▶ [Problem requirements]
Reproduce the listing word for word, leaving every picture behind.

▶ [Given material]

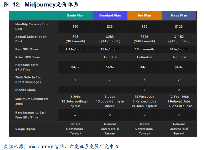 从图片生成领域来看,开源模型对行业有显著的贡献,但开源产品Stable Diffusion在商业化方向仍然面临一定困难。据Stable AI官网,公司原CEO,Emad Mostaque提出辞职,既不再担任CEO,也从公司董事会退出。与之对比,收费并通过的Discord进行私域运营的Midjourney则无需对外融资即可实现公司的健康发展。从Midjourney的定价体系来看,稳定的付费方式是偏向小B端的订阅制收费,通过大量中小创作者的稳定订阅,维持自身长期运营。
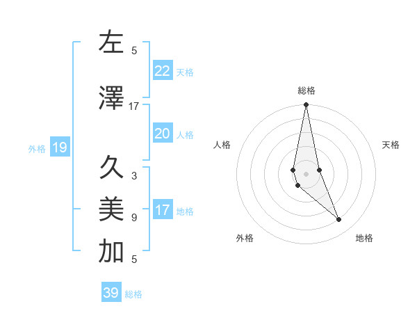 左澤 久美加さんの外格は19画の1点!
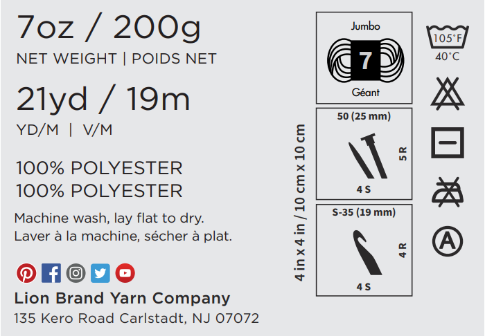 Make it Fast. Make it Soft! This jumbo yarn packs 200 grams (21 yards) of chainette construction soft velvet into each ball. It’s 100% polyester, which makes it machine washable and 100% loveable by all. Whip up quick projects like afghans and pillows or get creative with crafts and home décor.

▶ [Result for this task]
 从图片生成领域来看,开源模型对行业有显著的贡献,但开源产品Stable Diffusion在商业化方向仍然面临一定困难。据Stable AI官网,公司原CEO,Emad Mostaque提出辞职,既不再担任CEO,也从公司董事会退出。与之对比,收费并通过的Discord进行私域运营的Midjourney则无需对外融资即可实现公司的健康发展。从Midjourney的定价体系来看,稳定的付费方式是偏向小B端的订阅制收费,通过大量中小创作者的稳定订阅,维持自身长期运营。
 左澤 久美加さんの外格は19画の1点!
 Make it Fast. Make it Soft! This jumbo yarn packs 200 grams (21 yards) of chainette construction soft velvet into each ball. It’s 100% polyester, which makes it machine washable and 100% loveable by all. Whip up quick projects like afghans and pillows or get creative with crafts and home décor.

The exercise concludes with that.